I whisked these together, let them chill in the fridge overnight, then churned them surrounded by ice and many cups of salt*… and the end result was magical. Creamy, not too sweet, no ice crystals, and just the pure cold essence of a summer strawberry.

 

* Technical sidebar: The salt is there to lower the freezing temperature of the ice and help it melt (it’s really the phase change from solid ice to water that matters). Briefly: salt reduces the freezing temperature of water -> more ice melts -> large amounts of energy (heat) are sucked out of the surrounding environment during the phase change from ice to water. This cools the ice cream far more rapidly than just a cold bath of for example antifreeze (or pebbles, or anything without a phase change) at the same temperature would.

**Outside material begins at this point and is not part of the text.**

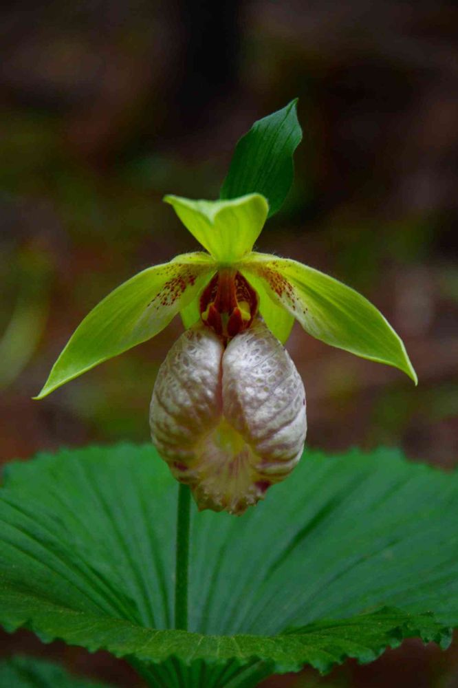 クマガイソウ咲いています。日本産野生ランの中では最も花が大きい種の一つで、とかく盗掘される蘭です。自生のものを見るのはなかなか難しくなってきています。全国的に絶滅危惧種指定を受けています。

It also took me a while to find a good-quality hand-cranked ice cream maker– most of the ones for sale these days have plastic gears or are small KitchenAid-accessory ice cream makers that require you to pre-freeze a special container first (and I don’t currently own a KitchenAid). I wanted a solid, metal-geared (ideally, stainless steel) machine, both for the nostalgia factory, and to make 6+ quarts of ice cream in for a party in one go. I looked at used ice cream makers on craigslist and ebay, but finally found what I wanted through Lehman’s, an Amish supply company.

It took more elbow grease than I remembered (even with me expecting that to be the case)– perhaps 30-40 minutes of solid churning between three adults and three enthusiastic kids. But the result was worth it, 100%.